Jonatan Cerrada singles chronology
|  | "Je voulais te dire que je t'attends" (2003) | "Rien ne me changera" (2003) |

= Je voulais te dire que je t'attends =

"Je voulais te dire que je t'attends" is a ballad song originally recorded in 1976 by the French singer Michel Jonasz. It was covered by The Manhattan Transfer in 1978 on the album Pastiche (fourth track), and released as a double A-sided single with a cover of Where Did Our Love Go reaching No 40 in the UK singles chart. Also by Isabelle Boulay, Diane Dufresne Maurane and Patrick Bruel in 2001 for Les Enfoirés' album L'Odysée des Enfoirés, and by Hoda, Lucie and Sofiane, three contestants of the French version of Star Academy 4 whose cover is available on the 2004 album Les Meilleurs Moments.

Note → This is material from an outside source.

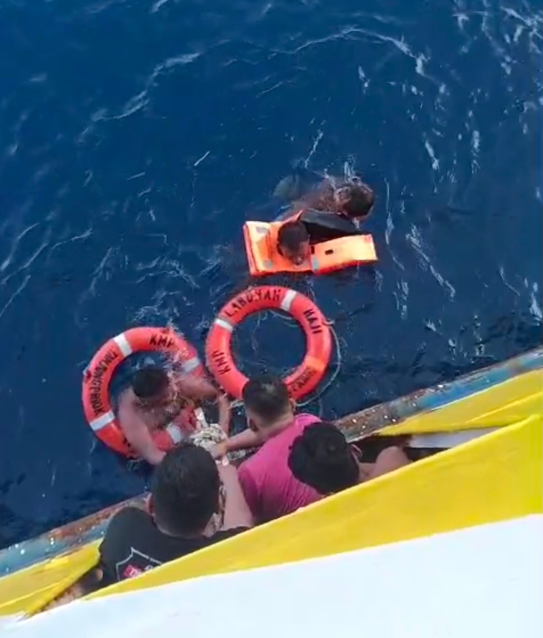 “Saya lihat sendiri dia meloncat. Kami bersama kru kapal langsung berusaha menolong, dan syukurlah korban cepat ditemukan,” ungkap Cristo.

The most famous cover version was that of Belgian singer Jonatan Cerrada in 2003, the only one that was released as a single, which achieved a great success in Belgium (Wallonia), France and Switzerland. The song was the debut single for the singer from his album Siempre 23, on which it features as fourth track.

==Track listings==
- CD single
1. "Je voulais te dire que je t'attends" — 4:04
2. "Lettre à France" (live) — 3:04

- Digital download
3. "Je voulais te dire que je t'attends" — 4:04

==Charts and sales==

===Weekly charts===

| Chart (2003) | Peak position |
|---|---|
| Belgium (Ultratop 50 Wallonia) | 1 |
| France (SNEP) | 2 |
| Switzerland (Schweizer Hitparade) | 9 |

===Year-end charts===

| Chart (2003) | Position |
|---|---|
| Belgian (Ultratop 50 Wallonia) | 4 |
| French (SNEP) | 21 |
| Swiss Singles Chart | 40 |

===Certifications===

Certifications for "Je voulais te dire que je t'attends"
| Region | Certification | Certified units/sales |
| Belgium (BRMA) | Platinum | 50,000^{*} |
| France (SNEP) | Gold | 250,000^{*} |
^{*} Sales figures based on certification alone.